About the Client
The client is one of India’s largest e-commerce platforms, with almost 40% of the market share, and over 100 billion registered users. They offer a huge category of retail and payment services, delivering seamless experiences to both sellers and customers on the portal.
The client’s annual calendar features a week-long mega sale, with offers and discounts on products across all categories. To make sure that the customers can get the best out of the sale days and every purchase is delivered without a hitch, their e-commerce portal needs to be available 24×7, with all systems working exactly as expected.
The goal for Qapitol QA was to perform Scaled Performance Testing, to ensure that the client’s systems can handle the huge volume of queries during the sales days. The focus was on:
- Identifying the maximum load the system can handle at any given time
- Implement solutions to help the client systems handle increasing queries on the fly
- Checking query response times and working to bring that down to a minimum
The Qapitol QA team crafted a performance testing solution that focused on understanding the client’s current systems, test across a set of realistic scenarios to identify system vulnerabilities and create the necessary solutions to ensure robust performance.
Phase 1 – Planning & Preparation
The Qapitol QA team invested time in understanding the client’s current system capabilities and create a roadmap for performance testing and improvement.
Key tasks achieved during this phase were:
- Requirement gathering
- Have each of the teams – orders, payments, logistics, etc. – benchmark their system performance
- Identifying which systems are the most likely to be affected and overwhelmed by an increase in traffic
- Identify the kind of test data required and how to create or access that
The core testing solution involved using a combination of Locust load testing solution and Qapitol QA’s proprietary framework to test the system performance.

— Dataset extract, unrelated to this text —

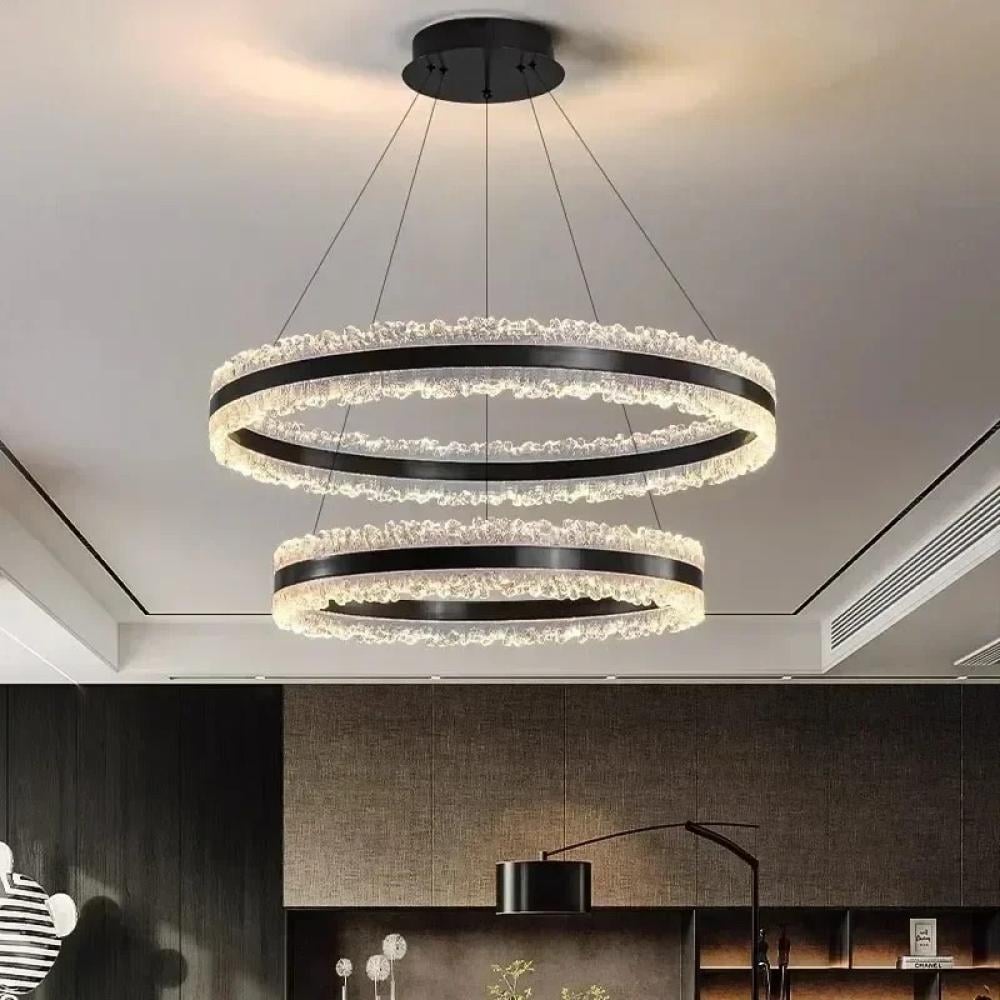 - تصميم مودرن مبتكر بثلاث طبقات باللون الأسود: تُضفي الثريا لمسة عصرية فريدة على سقفك بفضل تصميمها الهندسي المكون من ثلاث طبقات متتالية باللون الأسود الفاخر. يخلق هذا الشكل الديناميكي بعداً بصرياً جذاباً ويجعل الثريا قطعة فنية مركزية تبرز جمال أي غرفة بتناغم مثالي.

- Locust was used to execute automated scripts that simulate a given number of hits to the client’s e-commerce platform per second
- The scripts also simulated a realistic break-up of these hits on different systems. For example – 5 lakh users surfing, 2 lakh adding products to the cart and 1 lakh making payments
- Post simulated order placements, the Qapitol QA proprietary framework monitors downstream systems – warehouse, fulfillment, logistics, vendor management, etc – to understand performance and existing resource utilization
- When server utilization on any system exceeds pre-set limits, the framework is designed to spin up new systems to handle the extra load and direct users across these systems via load balancers
Three business-critical scenarios that were incorporated into the test cases, to make them as close to the platform’s real usage as possible:
- The client had different post-order workflows for different product categories. So the test scripts were designed to accurately reflect the user split between different product categories
- Simulating the processing of a single order containing product products from multiple different categories, to test different workflows activated with a single order
- Simulating changes to the carts after order placement
All of these scenarios brought in better test coverage for the client, allowing them to identify a wider range of possible challenges and prepare for them.
Phase 2 – Execution
With the plan in place, the execution stage involved:
- Writing the required test scripts for Locust and running them by the Qapitol QA proprietary framework
- Conduct a wide range of tests:
- Load tests: Test the system with 200 queries per second and steadily increase it to 350-400 queries per second, over the course of an hour, to identify system breakpoints
- Spike tests: Check and monitor rise in CPU usage with a sudden spike of users on the platform – 12 lakh users at any given time
- Volume tests: Check and monitor system response to a large number of users using the platform over a period of time – 10 lakh users using the site for over 30 minutes
A key imperative at this point was to conduct all tests on the production environment, to make sure they are verifying realistic operations and site usage. So all queries generated by test scripts had flags “perf-test = true” to distinguish them from actual user queries, and were directed to a test database.
Phase 3 – Results & Analytics
As the test scripts started to deliver results, the Qapitol QA team focused on analyzing:
- How the systems behave as the load increases in different scenarios
- The spawning of new servers on the fly, by the proprietary framework, once server utilization for any system crossed 90%
- Monitor if the response times for all systems are within acceptable criteria
- Analyze and fix code to improve response times when necessary.
With Qapitol QA’s testing solution in place, the client was able to ensure largely uninterrupted performance across all systems throughout the high-traffic sale days.
- The e-commerce platforms could handle 1 lakh users at any given time
- Response times were maintained between 2-5 seconds for all systems
- A set of highly representative and realistic test scenarios was developed which could be scaled to meet similar testing needs in the future.